The increased worldwide trade in fresh fruits and vegetables arose from the importance of these commodities to the human diet. They bring to our daily diet variety, flavour and aesthetic appeal while they meet certain essential nutritional necessities. Furthermore, the nutritional importance of fruit and vegetables can be seen as an advantage since they offer a high concentration of vitamins and minerals with a low contribution of calories and fats.
Fruits and vegetables are very rich sources of vitamins particularly vitamin A, in the form of ß-carotene, the precursor of vitamin A and vitamin C.
For example, daily human requirements for vitamin C are about 50mg, and many commodities such as kiwifruit and pepper, contain this amount in less than 100g of tissue. However, nutritional value of fruits and vegetables can be greatly affected by the storage environment. In general, vitamin C degradation is very rapid after harvest, and increases as the storage time and temperature increases. For example, losses in vitamin C content of strawberries stored at 1°C ranges from 20 to 30% over 8 days, while strawberries stored at 10°C may lose from 30 to 50% of their initial vitamin C content. At 20°C losses are very high and strawberries may lose 55 to 70% of the initial vitamin C content in only 4 days.
Fruit is defined as the edible product of a plant or tree, consisting of the seed and the envelope, especially the latter when juicy and pulpy. Fruits are usually soft, fleshy, edible plant products and because of their high moisture content are relatively perishable in the freshly harvested state.
The vegetables exhibit a wide variety of plant structures. They can be grouped into three main categories: seeds and pods; bulbs, roots and tubers; flowers, buds, stems and leaves.
Like human beings, fruit and vegetables are ‘living’ structures as they continue to respire even when detached from the plant. Respiration (consumption of oxygen with release of carbon dioxide plus water vapour) is the major metabolic process that takes place in harvested produce or in any living plant product. It can be described as the breakdown of complex material normally present in the produce such as starch, sugars and organic acids into simpler compounds such as carbon dioxide and water. This process is associated with the production of energy (heat).
The respiration rate of a produce is an excellent indicator of the metabolic activity of the tissues and is therefore a useful guide to the potential storage life of the produce. As the temperature of the surrounding environment increases, the respiration rate of the product increases, while shelf-life decreases due to the loss of stored reserves. In general, the higher the respiration rate of a fruit or vegetable the more perishable the product is.

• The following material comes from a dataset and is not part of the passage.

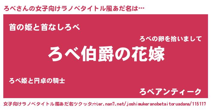 | 男性向けラノベタイトル風あだ名 | 『うちの娘の為ならば、俺はもしかしたらろべも倒せるかもしれない。』 |

Based on their respiration and ethylene production patterns during maturation and ripening, fruits can be classified as climacteric or non-climacteric. Climacteric fruits show a large increase in carbon dioxide and ethylene production rates that are coincident with ripening; while non-climacteric fruits show no changes in their generally low carbon dioxide and ethylene production during ripening.
Classification of Some Fruits According to their Respiratory Behaviour During Ripening
Ethylene is a natural organic compound produced by plants that regulates growth, development and senescence. Climacteric and non-climacteric fruits may be further differentiated by their response to applied ethylene and by their pattern of ethylene production during ripening. All fruits produce small quantities of ethylene during development.
However, coincident with ripening, climacteric fruits produce much larger amounts of ethylene than non-climacteric fruits. There is no relationship between the ethylene production capacity of a given commodity and its perish-ability. However, preventing exposure of such commodities to ethylene decelerates their ‘death’ (end of shelf life).
Therefore, ethylene released by such commodities or exhaustion gases (generated by machinery such as fork-lifts, cigarette smoke or other fumes) may accumulate in a closed room and cause undesirable accelerated ripening. This is why mixed storage of high ethylene producers is not advisable when other highly sensitive produces are present.